What you give back must match the data exactly, minus the pictures.

Dataset excerpt:
Segment Open
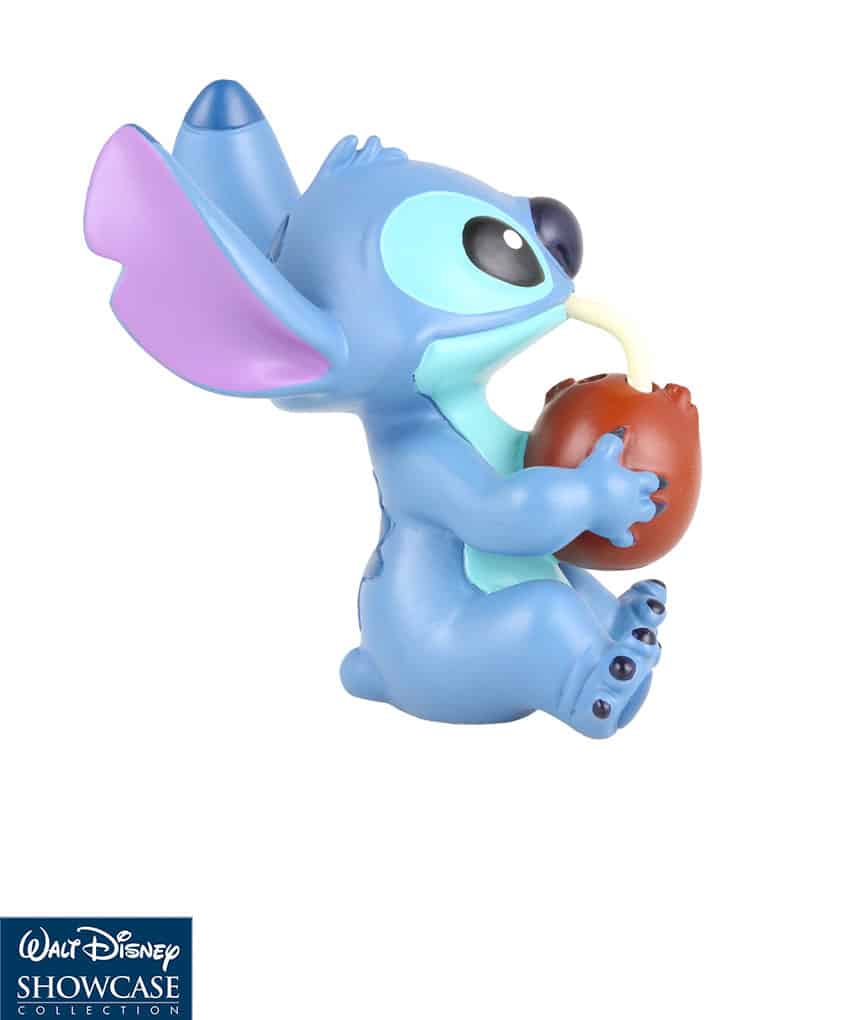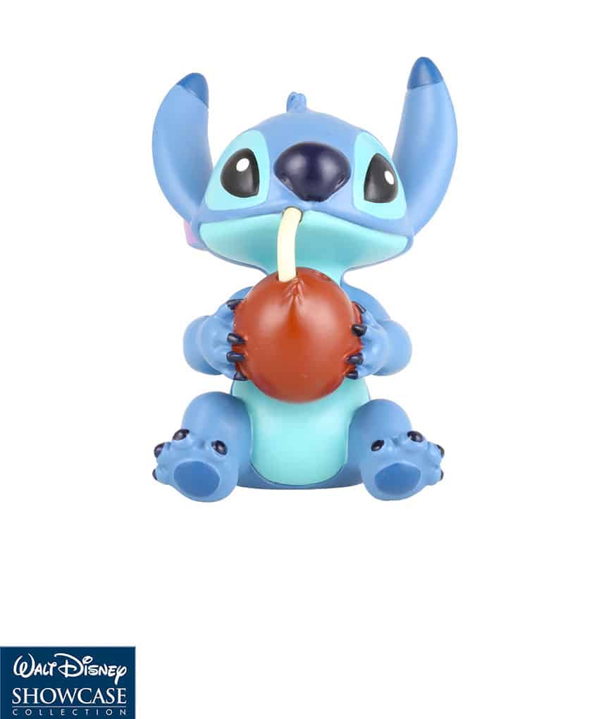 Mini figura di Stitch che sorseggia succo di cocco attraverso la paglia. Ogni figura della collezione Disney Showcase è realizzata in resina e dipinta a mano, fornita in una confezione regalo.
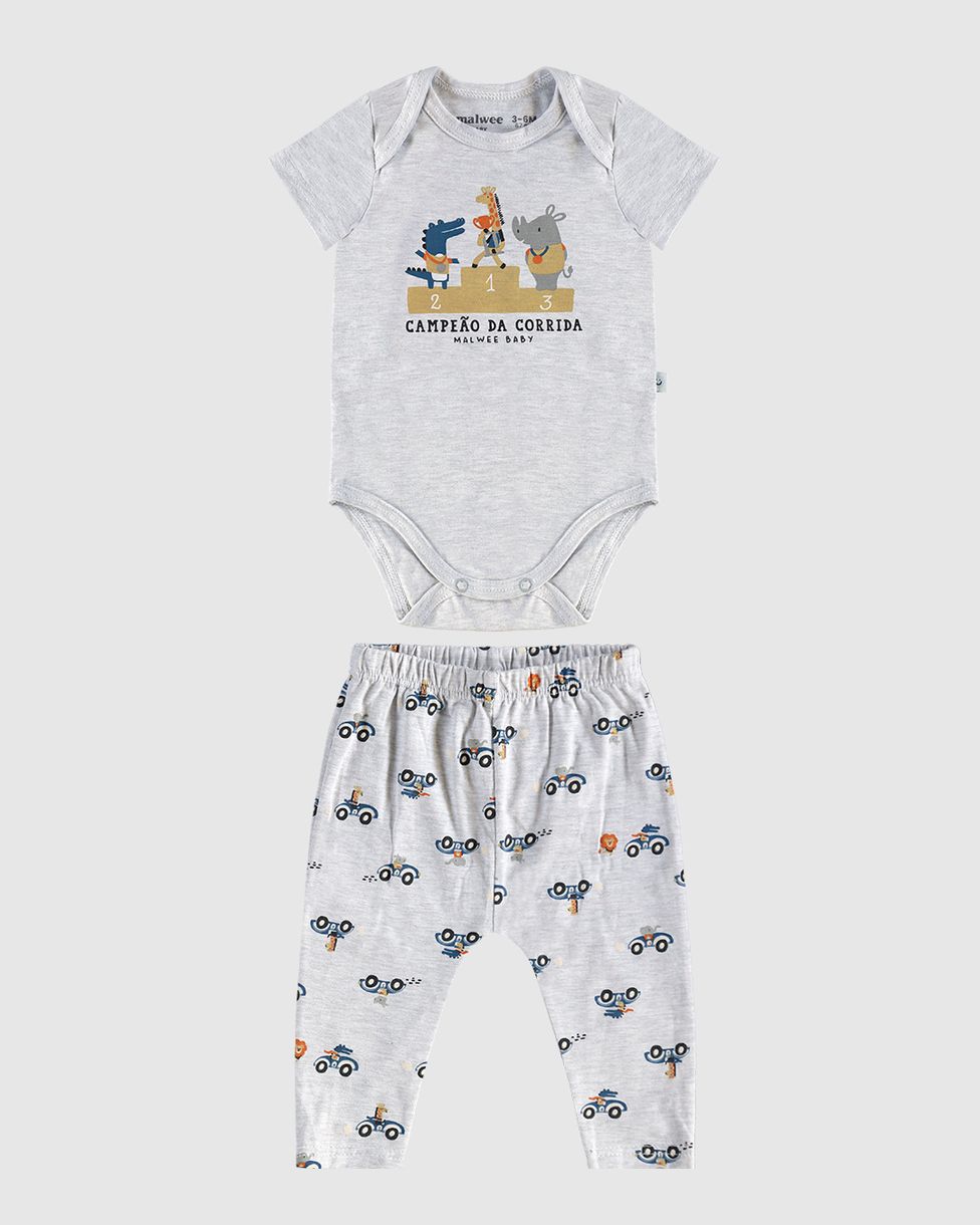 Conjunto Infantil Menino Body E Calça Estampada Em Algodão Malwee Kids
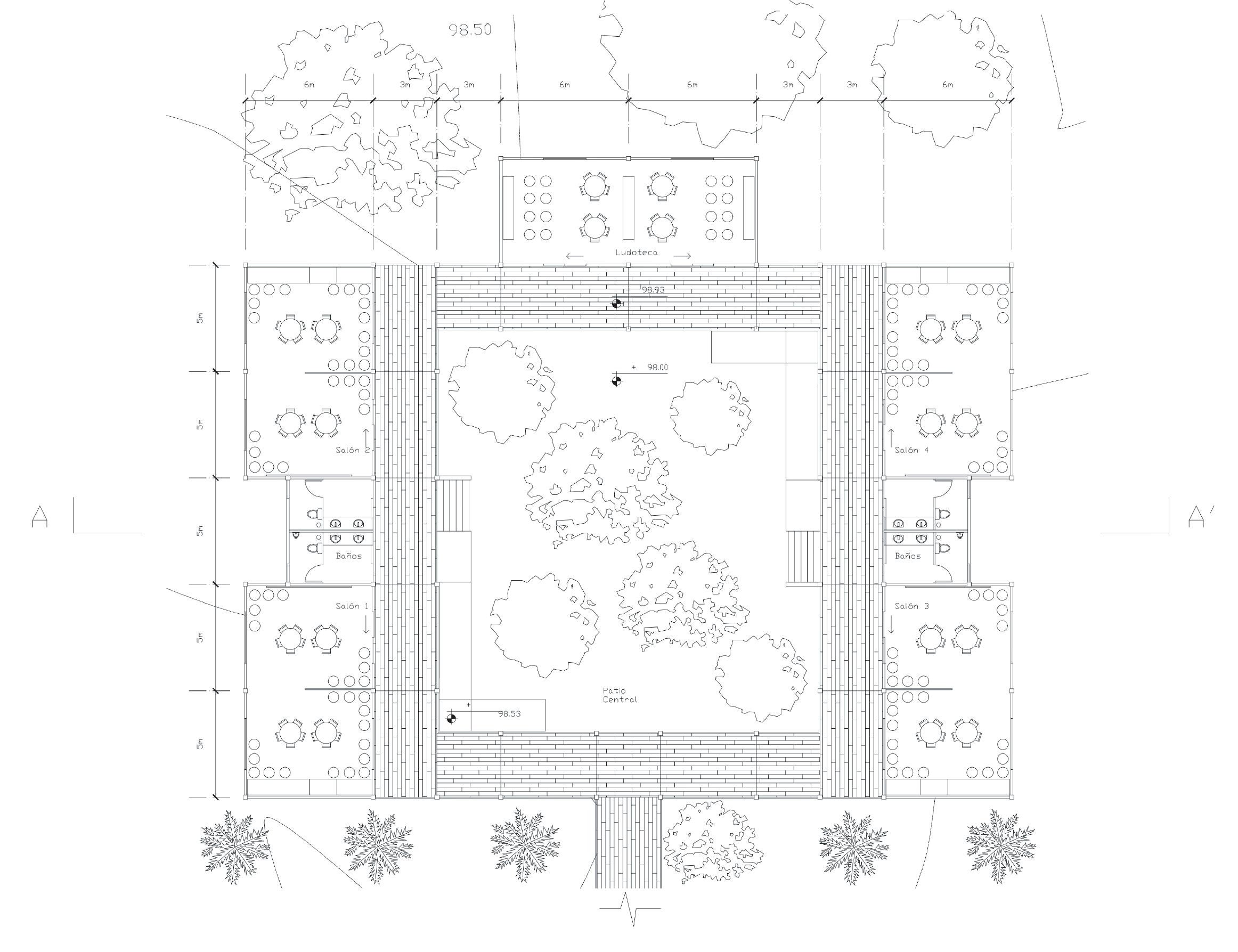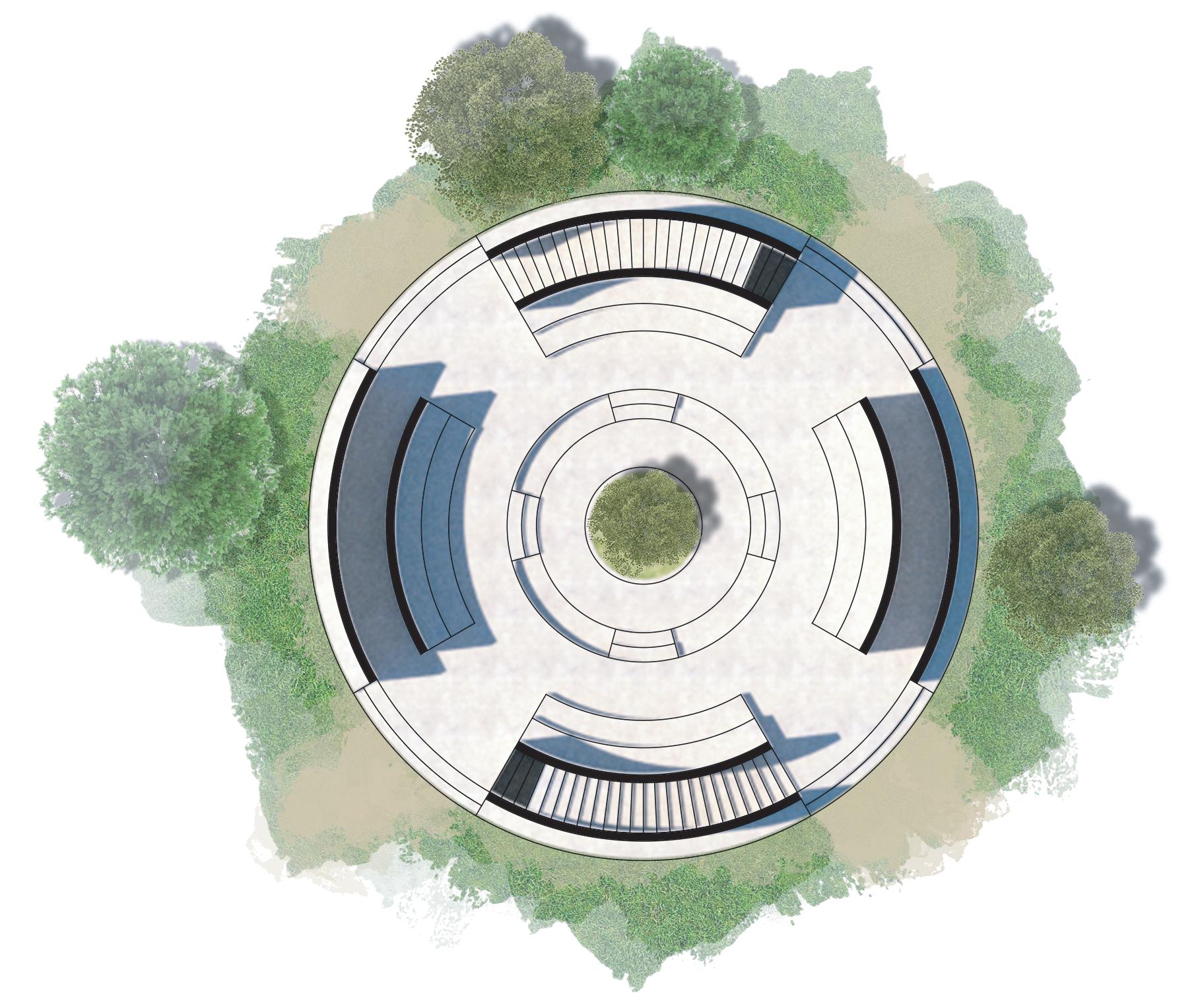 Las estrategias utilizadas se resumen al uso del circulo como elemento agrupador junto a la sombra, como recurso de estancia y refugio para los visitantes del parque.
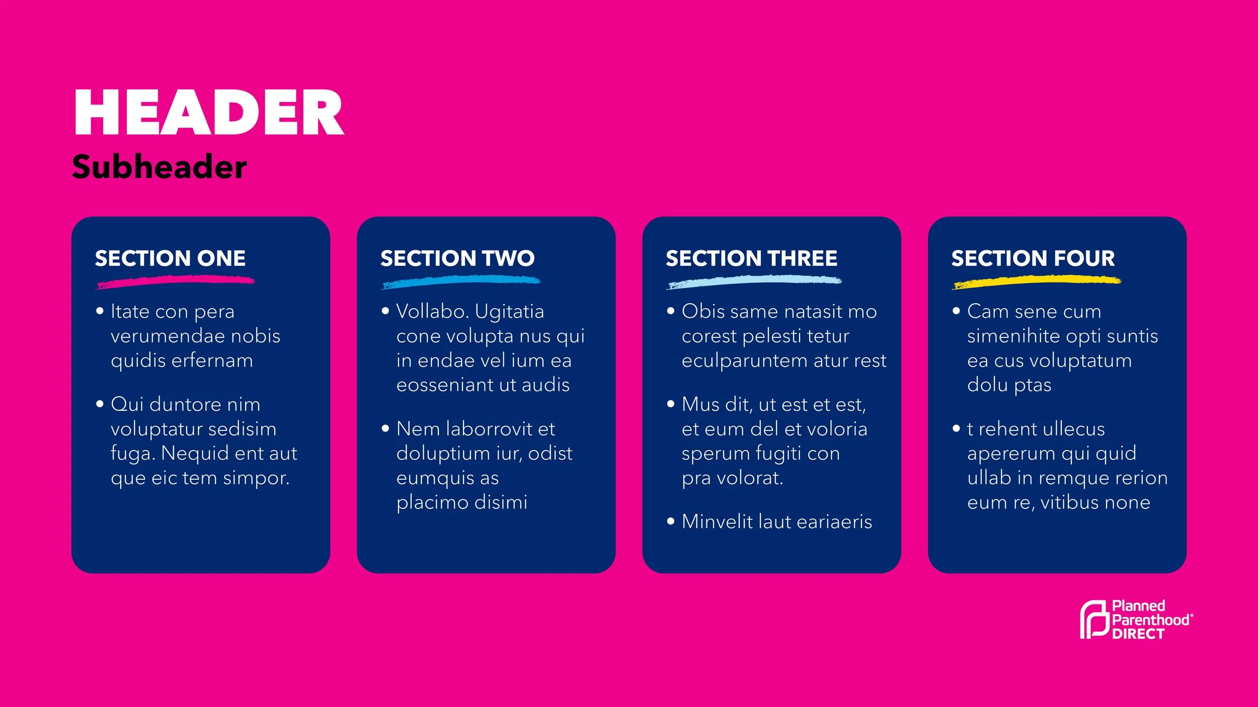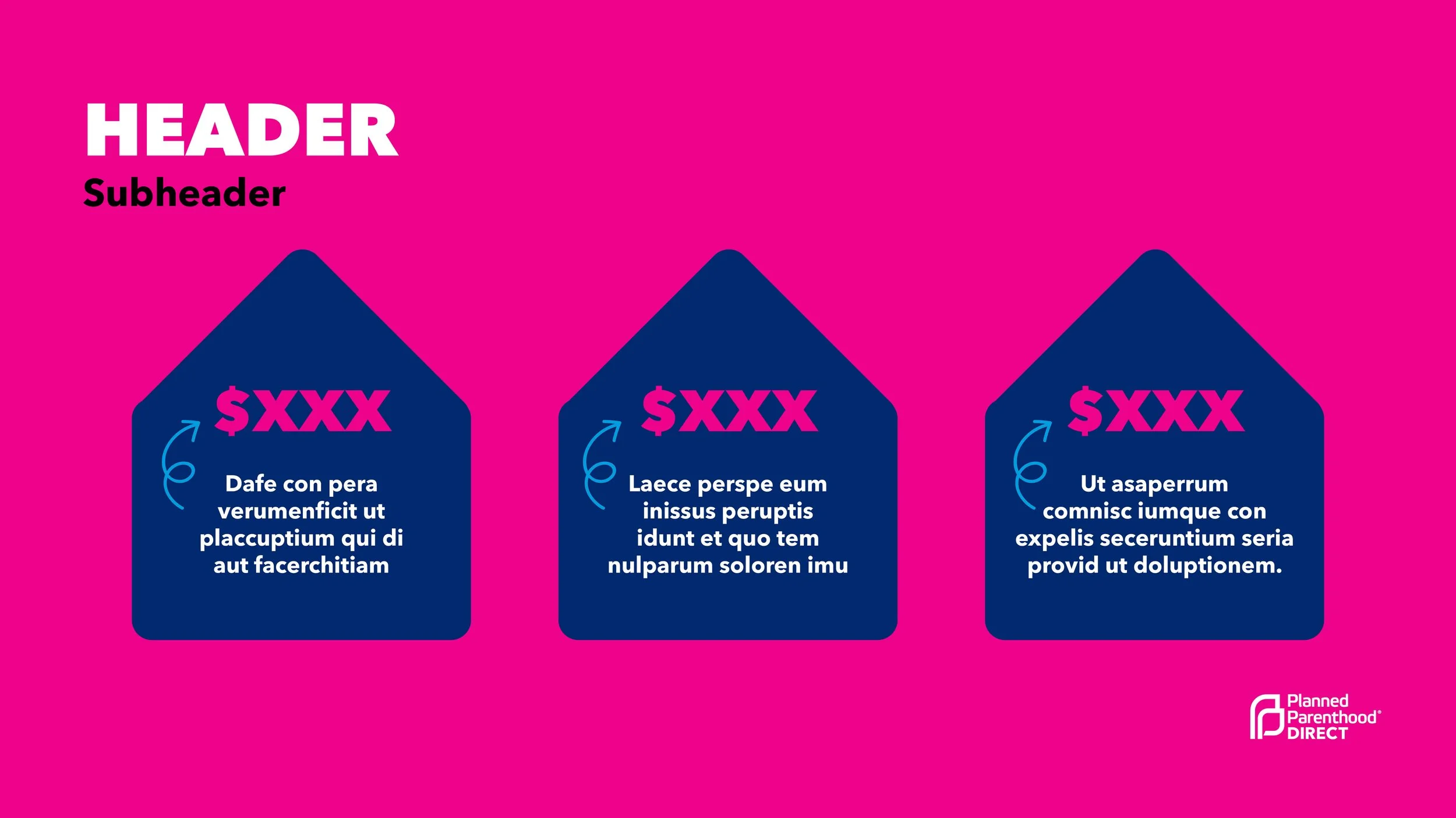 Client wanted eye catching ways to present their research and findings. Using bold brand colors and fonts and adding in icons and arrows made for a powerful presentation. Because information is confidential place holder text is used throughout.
Segment Closed
Result of the task:
 Mini figura di Stitch che sorseggia succo di cocco attraverso la paglia. Ogni figura della collezione Disney Showcase è realizzata in resina e dipinta a mano, fornita in una confezione regalo.
 Conjunto Infantil Menino Body E Calça Estampada Em Algodão Malwee Kids
 Las estrategias utilizadas se resumen al uso del circulo como elemento agrupador junto a la sombra, como recurso de estancia y refugio para los visitantes del parque.
 Client wanted eye catching ways to present their research and findings. Using bold brand colors and fonts and adding in icons and arrows made for a powerful presentation. Because information is confidential place holder text is used throughout.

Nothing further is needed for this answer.